Using the IMAP client

Contrary to the SMTP and POP3 clients, the IMAP client is complex and huge. Since the IMAP protocol has been around since 1986 and little has changed, I'm not going to bore you with trivial minutia. Needless to say, all basic commands are implemented, but I won't go into details here. Again, there are plenty of pages, even articles on CodeProject, covering the basics which are similar to this library, if not identical. I know ... I know I'm skipping a lot, but do you really want me to tell you that calling Delete("Foo") actually deletes a folder with the name "Foo", c'mon? Instead, I'm going to focus on things unique to this library, which do cover the reasons I implemented this library in the first place.

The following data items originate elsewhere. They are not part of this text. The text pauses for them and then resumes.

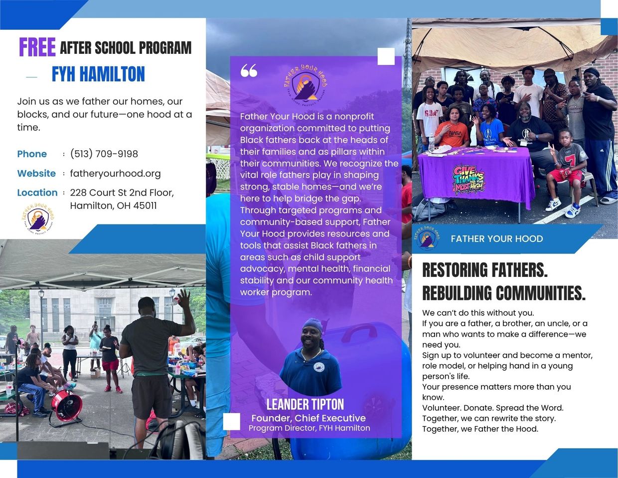 Father Your Hood, a nonprofit organization based in Hamilton, Ohio, whose mission is the creation of resources and pathways to services to help restore black fathers at the head of black households and pillars in their communities. Father Your Hood was founded in 2023 by LeAnder Tipton, a community member in the city of Hamilton who recognized the need for a local organization dedicated to helping Black Fathers and those disenfranchised by not having their fathers in the home. Since then, we have grown into a thriving nonprofit, serving hundreds of fathers and youth each year.
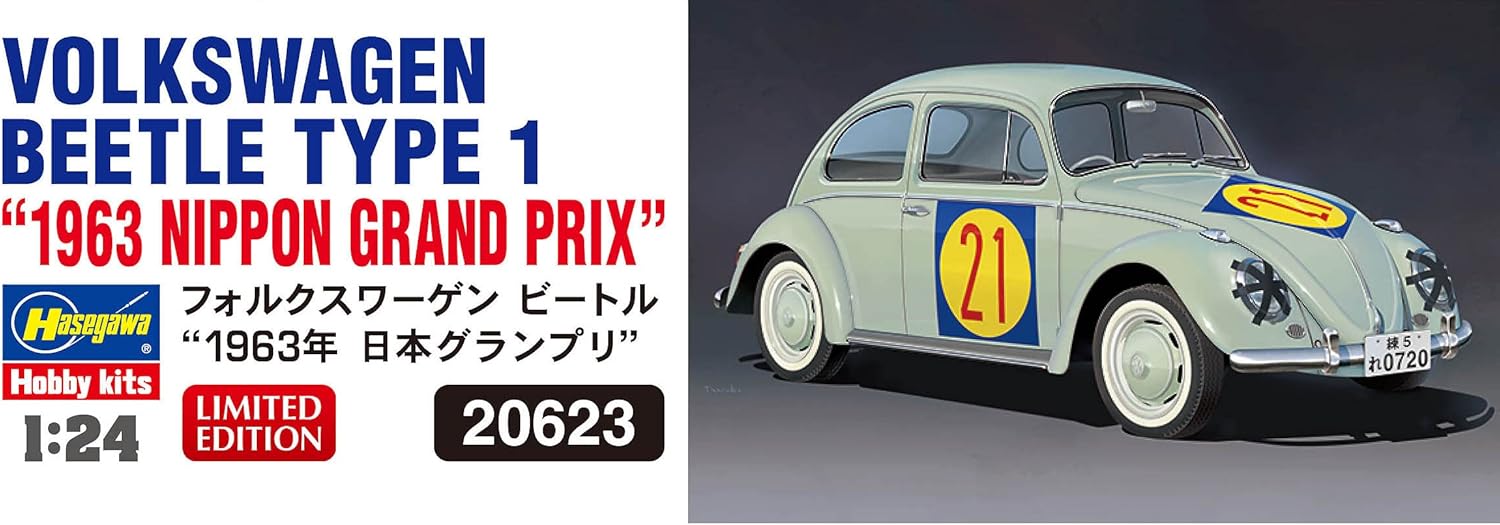 1/24 VW Beetle, 1963 Nippon Grand Prix Plastic model kit of a German car, here in the Rally version with 82 parts. Decals of the 1963 Nippon Grand Prix Suzuka Circuit May 3, 1963, No. 21/Giichi Suzuki, Nr23/Tatsuo Takeuchi or No. 28/Masashi Ichise. Length built 171 mm / width 64 mm.
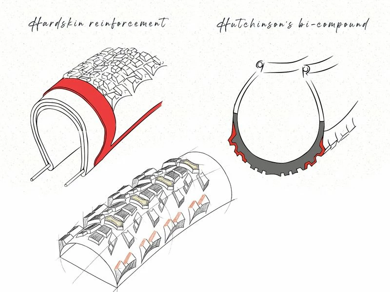Le pneu Hutchinson Tundra a été créé pour répondre au coté toujours plus technique du Gravel. Conçu pour une utilisation tout au long de l’année, le Tundra se sent parfaitement à l’aise sur des sentiers forestiers boueux comme sur des descentes rocailleuses très techniques. Sans pour autant négliger le rendement reconnu et apprécié des pneus Hutchinson, pour ne pas perdre en efficacité sur les surfaces compactes et les routes entre deux sentiers. Le Tundra est développé avec une carcasse 127 TPI, un must quand il s’agit de performance pure. Cette carcasse souple et légère permet un rendement de haute volée. Ce nouveau pneu gravel est également renforcé avec la grille Hardskin de tringle à tringle. En plus de l’épaisseur de gomme, ce véritable bouclier offre une protection supplémentaire contre les pierres tranchantes, les roches et tout autre matériau hostile rencontré lors d’une sortie gravel. Ce renfort issu du VTT a notamment fait ses preuves sur de nombreuses courses XC Marathon.
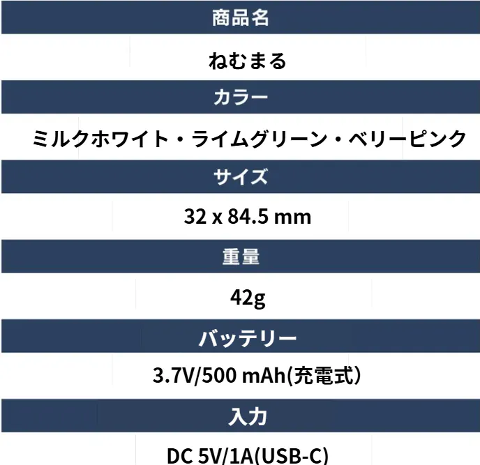 「ねむまる」は、わずか42gの手のひらサイズで、丸みのあるデザインは握るだけで心地よく、どこでも“整える時間”を持つことができます。
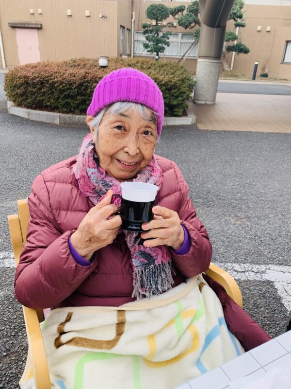 今日はお外で満開の翔裕園梅を見ながら、甘酒を飲んだりお菓子を食べたりと楽しい時間を過ごしました。とても濃いピンクの花びらに「素敵」「かわいい」などお話も盛り上がりました。
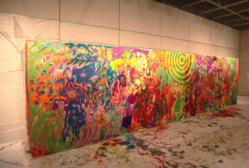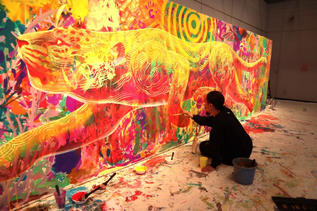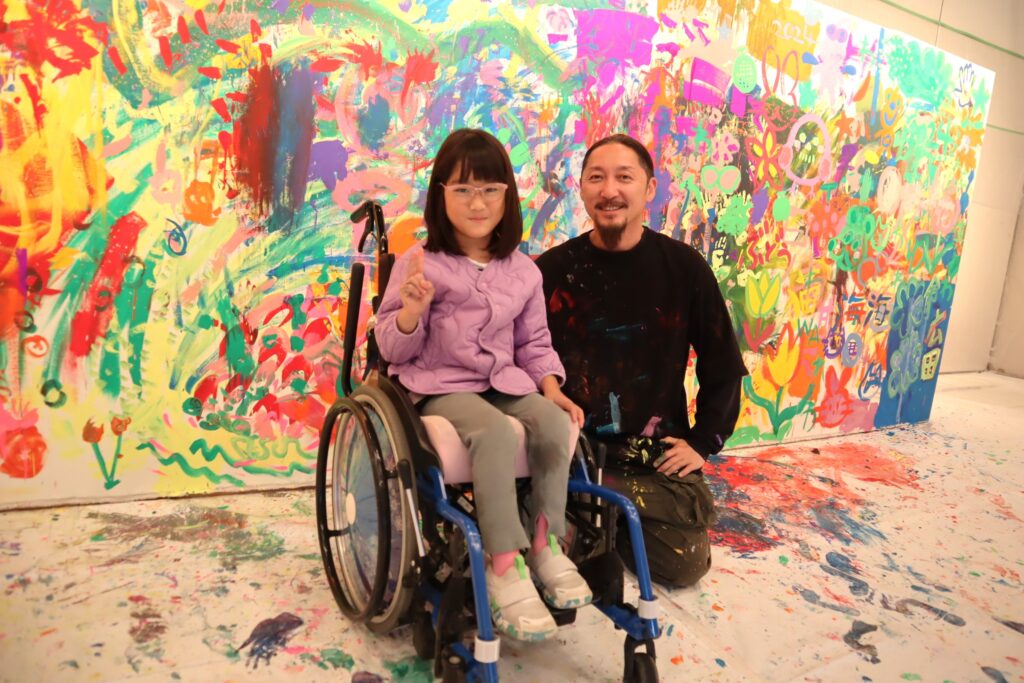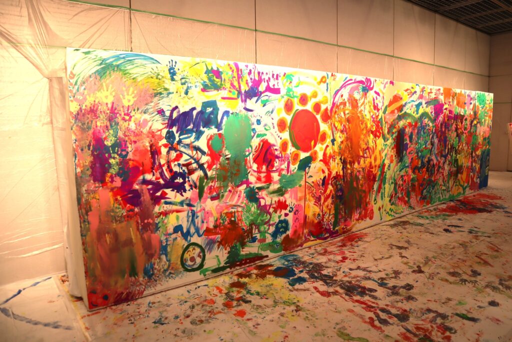 縦1.8m×横7mの巨大なキャンバスに、午前と午後2回の計3回に分かれて自由に描いてもらい、横浜を拠点に活躍するペインター「KENSUKE TAKAHASHI」さんに、最後に仕上げて頂く大人気イベントです。

Dynamic Query Generation using LINQ to IMAP

Although the client has a regular Search() and Fetch() method, I would not recommend those for anything but the most simple requests. I previously talked about addressing some of the issues I criticized earlier, one of these were inflexible or incomplete implementations of the fetch command.

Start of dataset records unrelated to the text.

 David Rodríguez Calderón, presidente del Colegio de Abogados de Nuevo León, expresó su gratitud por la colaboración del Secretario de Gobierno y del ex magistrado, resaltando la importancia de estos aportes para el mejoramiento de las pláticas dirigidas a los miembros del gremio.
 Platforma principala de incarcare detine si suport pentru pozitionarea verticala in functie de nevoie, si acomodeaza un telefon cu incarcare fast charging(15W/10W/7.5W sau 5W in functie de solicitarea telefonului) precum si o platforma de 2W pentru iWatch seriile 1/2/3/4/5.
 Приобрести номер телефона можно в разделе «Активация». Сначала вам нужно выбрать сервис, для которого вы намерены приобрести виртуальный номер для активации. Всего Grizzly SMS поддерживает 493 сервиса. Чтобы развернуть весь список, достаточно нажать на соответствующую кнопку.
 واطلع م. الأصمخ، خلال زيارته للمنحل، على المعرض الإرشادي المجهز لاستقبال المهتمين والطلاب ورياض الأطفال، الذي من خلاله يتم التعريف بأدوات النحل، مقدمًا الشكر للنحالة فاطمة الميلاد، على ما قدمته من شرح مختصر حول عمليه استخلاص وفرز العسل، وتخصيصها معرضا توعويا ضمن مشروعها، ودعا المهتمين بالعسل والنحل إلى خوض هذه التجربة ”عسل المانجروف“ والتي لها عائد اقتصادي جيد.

To address this, I implemented a LINQ provider that enables us to fetch messages or parts of messages directly from the server. This comes with two perks ...

First, no matter how complex the query is or how many items we request, it will all be done in a single stroke using one fetch command. This saves net traffic and multiple round trips; especially on slower connections, this saves time. Most clients will require 4-6 requests for each message to get all the relevant data prior to fetching the message, we only need one ... always!

The more important part however is the fact that we don't have to parse or map any response manually anymore since this will be taken care of by the LINQ provider.

Let's take a quick look at a simple example. The following code will fetch items from all unread messages for the last week. The items we are going to fetch are:

Envelope
Uid
Flags
Size

var query = client.Messages.Where(x => x.Date > DateTime.Today.AddDays(-7) 
    && !x.Flags.HasFlag(MessageFlags.Read)).Select(x => new MyContainer
{
    Envelope = x.Envelope,
    Uid = x.Uid,
    Flags = x.Flags,
    Size = x.Size
});

If we need to change the scenario, we just change the query. We can fetch less or more without having to change or write a parser.

var query = client.Messages.Where( ... ).Select(x => x.Envelope);

var query = client.Messages.Where( ... ).Select(x => new SomeClass
    {    
        Subject = x.Subject,
        Uid = x.Uid,    
        Flags = x.Flags,
        Size = x.Size,
        Internal = x.InternalDate,
        BodyStructure = x.BodyStructure
    });

We can then resolve the query by iterating through the results.

foreach(var container in query) {
    Debug.WriteLine(container.Envelope.Subject);
}

As it is with LINQ to SQL, we don't have to worry about parsing the data that comes out of SQL Server anymore, we just map the responses into our object. Without LINQ involved, we would need to either create a different parser for each of those scenarios, or create a single parser that would be able to handle different but still only a finite amount of responses, and once we change the query, we would also be forced to change the parser.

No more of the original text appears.